**WORK TASK:** The whole answer is the data below, retyped exactly.

::: SUPPLIED MATERIAL :::

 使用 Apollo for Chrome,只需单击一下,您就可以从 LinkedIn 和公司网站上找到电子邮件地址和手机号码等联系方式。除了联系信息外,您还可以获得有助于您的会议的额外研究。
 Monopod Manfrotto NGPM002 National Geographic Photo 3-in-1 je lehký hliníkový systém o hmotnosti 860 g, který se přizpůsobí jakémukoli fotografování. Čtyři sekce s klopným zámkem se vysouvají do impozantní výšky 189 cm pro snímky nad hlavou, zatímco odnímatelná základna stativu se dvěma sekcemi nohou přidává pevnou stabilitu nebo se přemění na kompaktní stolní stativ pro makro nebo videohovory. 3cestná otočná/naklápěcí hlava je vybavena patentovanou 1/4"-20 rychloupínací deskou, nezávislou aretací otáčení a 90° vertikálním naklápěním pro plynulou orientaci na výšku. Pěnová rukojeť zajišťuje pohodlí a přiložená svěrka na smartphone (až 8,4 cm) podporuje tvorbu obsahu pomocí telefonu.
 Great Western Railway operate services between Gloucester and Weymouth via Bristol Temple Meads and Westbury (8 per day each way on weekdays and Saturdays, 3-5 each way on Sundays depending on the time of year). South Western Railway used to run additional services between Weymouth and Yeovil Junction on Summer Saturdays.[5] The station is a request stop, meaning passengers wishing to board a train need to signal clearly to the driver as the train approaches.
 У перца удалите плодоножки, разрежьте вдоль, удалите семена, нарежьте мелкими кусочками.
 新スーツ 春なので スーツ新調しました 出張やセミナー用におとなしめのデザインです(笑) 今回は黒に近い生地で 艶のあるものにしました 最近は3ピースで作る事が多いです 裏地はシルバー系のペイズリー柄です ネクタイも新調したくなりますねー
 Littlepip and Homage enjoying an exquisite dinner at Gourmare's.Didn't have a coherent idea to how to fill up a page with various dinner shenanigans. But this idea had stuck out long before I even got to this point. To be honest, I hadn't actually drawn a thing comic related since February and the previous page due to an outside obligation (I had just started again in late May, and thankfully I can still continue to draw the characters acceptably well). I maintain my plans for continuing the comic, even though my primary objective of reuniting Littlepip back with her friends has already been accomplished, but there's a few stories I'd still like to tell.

:::

**SOLUTION:**
 使用 Apollo for Chrome,只需单击一下,您就可以从 LinkedIn 和公司网站上找到电子邮件地址和手机号码等联系方式。除了联系信息外,您还可以获得有助于您的会议的额外研究。
 Monopod Manfrotto NGPM002 National Geographic Photo 3-in-1 je lehký hliníkový systém o hmotnosti 860 g, který se přizpůsobí jakémukoli fotografování. Čtyři sekce s klopným zámkem se vysouvají do impozantní výšky 189 cm pro snímky nad hlavou, zatímco odnímatelná základna stativu se dvěma sekcemi nohou přidává pevnou stabilitu nebo se přemění na kompaktní stolní stativ pro makro nebo videohovory. 3cestná otočná/naklápěcí hlava je vybavena patentovanou 1/4"-20 rychloupínací deskou, nezávislou aretací otáčení a 90° vertikálním naklápěním pro plynulou orientaci na výšku. Pěnová rukojeť zajišťuje pohodlí a přiložená svěrka na smartphone (až 8,4 cm) podporuje tvorbu obsahu pomocí telefonu.
 Great Western Railway operate services between Gloucester and Weymouth via Bristol Temple Meads and Westbury (8 per day each way on weekdays and Saturdays, 3-5 each way on Sundays depending on the time of year). South Western Railway used to run additional services between Weymouth and Yeovil Junction on Summer Saturdays.[5] The station is a request stop, meaning passengers wishing to board a train need to signal clearly to the driver as the train approaches.
 У перца удалите плодоножки, разрежьте вдоль, удалите семена, нарежьте мелкими кусочками.
 新スーツ 春なので スーツ新調しました 出張やセミナー用におとなしめのデザインです(笑) 今回は黒に近い生地で 艶のあるものにしました 最近は3ピースで作る事が多いです 裏地はシルバー系のペイズリー柄です ネクタイも新調したくなりますねー
 Littlepip and Homage enjoying an exquisite dinner at Gourmare's.Didn't have a coherent idea to how to fill up a page with various dinner shenanigans. But this idea had stuck out long before I even got to this point. To be honest, I hadn't actually drawn a thing comic related since February and the previous page due to an outside obligation (I had just started again in late May, and thankfully I can still continue to draw the characters acceptably well). I maintain my plans for continuing the comic, even though my primary objective of reuniting Littlepip back with her friends has already been accomplished, but there's a few stories I'd still like to tell.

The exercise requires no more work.